If the base is 1 then it would always return 1 regardless of its exponent and it would turn out to be a very boring function. It’s because of these reasons that certain restrictions are placed on the exponential function.

The graph of an exponential function displays different properties depending on whether the base is greater than 1 or less than 1 but greater than 0. It will display the following properties when the base will be larger than 1. The domain will consist of only real numbers, the range will be y>0, the graph will constantly increase, the graph will be continuous and it will be smooth.

The exponential graph shows similar properties when the base is less than 1 but larger than 0. The only change in its properties is that the graph will be decreasing. Exponential graphs are used to represent the data obtained through exponential functions. The types of data and the application of exponential functions have been discussed previously.

## Difference Between Exponential and Quadratic Functions (Use the content here as a table)

Now that a good understanding of quadratic and exponential functions has been developed we shall discuss the differences between two of these very important functions.

Quadratic Function | Exponential Function |
---|---|

The variable is the base and the highest possible power is (ax^2+bx+c). | The base is a constant and the power of that base is a variable. |

The rate of change is constant which means that the graph increases at a constant rate and therefore it’s easy to calculate the change in the graph over a certain time period. | In an exponential function, the rate of change is proportional to itself, and the graph increases at an increasing rate. |

The quadratic graph will form a parabola when it reaches the vertex in an upward or downward direction. | An exponential graph will continue to fall in one direction either up or down. |

A quadratic graph curves when it reaches its maximum or minimum point. | An exponential graph continues to curve from the very beginning. |

## Conclusion

To sum up, Quadratic functions and Exponential functions differ from each other in their application and their concept. An exponential function indicates continuous increase whereas a quadratic function indicates both an increase and a decrease in which the quantity ends up at the level of its origin or the start of the graph.

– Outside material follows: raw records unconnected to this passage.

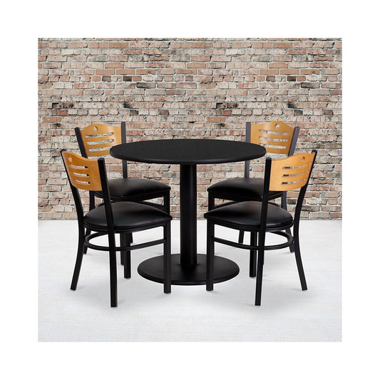 36'' Round Black Laminate Table Set with 4 Wood Slat Back Metal Chairs - Black Vinyl Seat
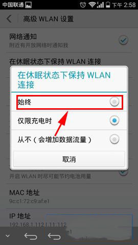 华为荣耀6在休眠状态不关闭wifi的设置图文教程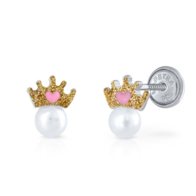 Pendientes fabricadas en plata de 1ª ley 925 mls , con baño de rodio para dar mayor resistencia, la joya de plata que recibe una capa de rodio posee una vida útil más larga y en forma de corona con perlas naturales , con cierre a rosca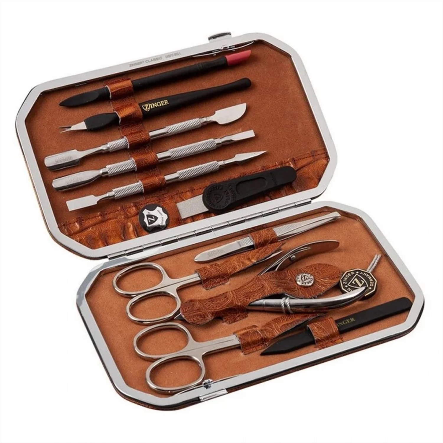 Компактный и стильный маникюрный набор 11 предметов Zinger MSFE-802-1 S. Он удобен для домашнего использования и путешествий. Укомплектован профессиональными инструментами. Каждый инструмент в маникюрном наборе профессионально заточен: (кусачки, ножницы, пинцеты).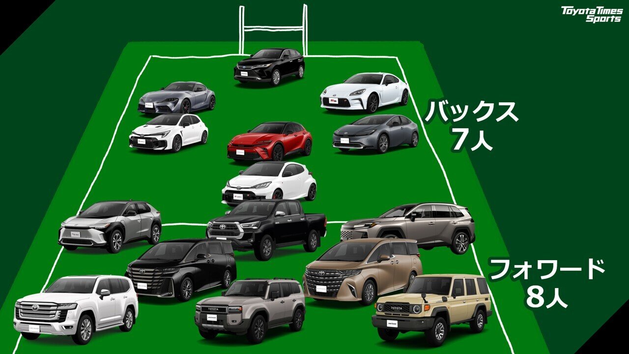 ラグビーのルールはこれまでの放送(関連リンク参照)でも学んできたが、今回はポジションをトヨタのクルマで表現した。ヴェルブリッツのユニフォームにはポジションごとに車種名が記されており、フォワードはランドクルーザーやアルファードなど、ウィングやフルバックを主戦場とする大籔選手は86やスープラ、ハリアーが該当する。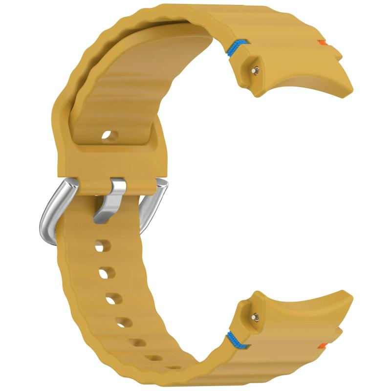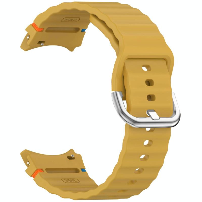 For Samsung Galaxy Watch 7 40 / 44mm Wavy Grain Stitched Silver Buckle Silicone Watch Band(Yellow)

This article concludes with the main features of both the functions as well as their differences. Both of these functions are of immense importance in the field of math and are applied in various areas such as science, commerce, and our daily lives as well. Therefore, I’d encourage you to develop a deep understanding and a mastery of these two functions.

Hopefully, after reading this article, you may have a clear understanding of how these two are solved, their differences, graphs, and a lot more. An article related to math might seem boring but after reading this one you would have realized that even math can be interesting if delivered in the right way.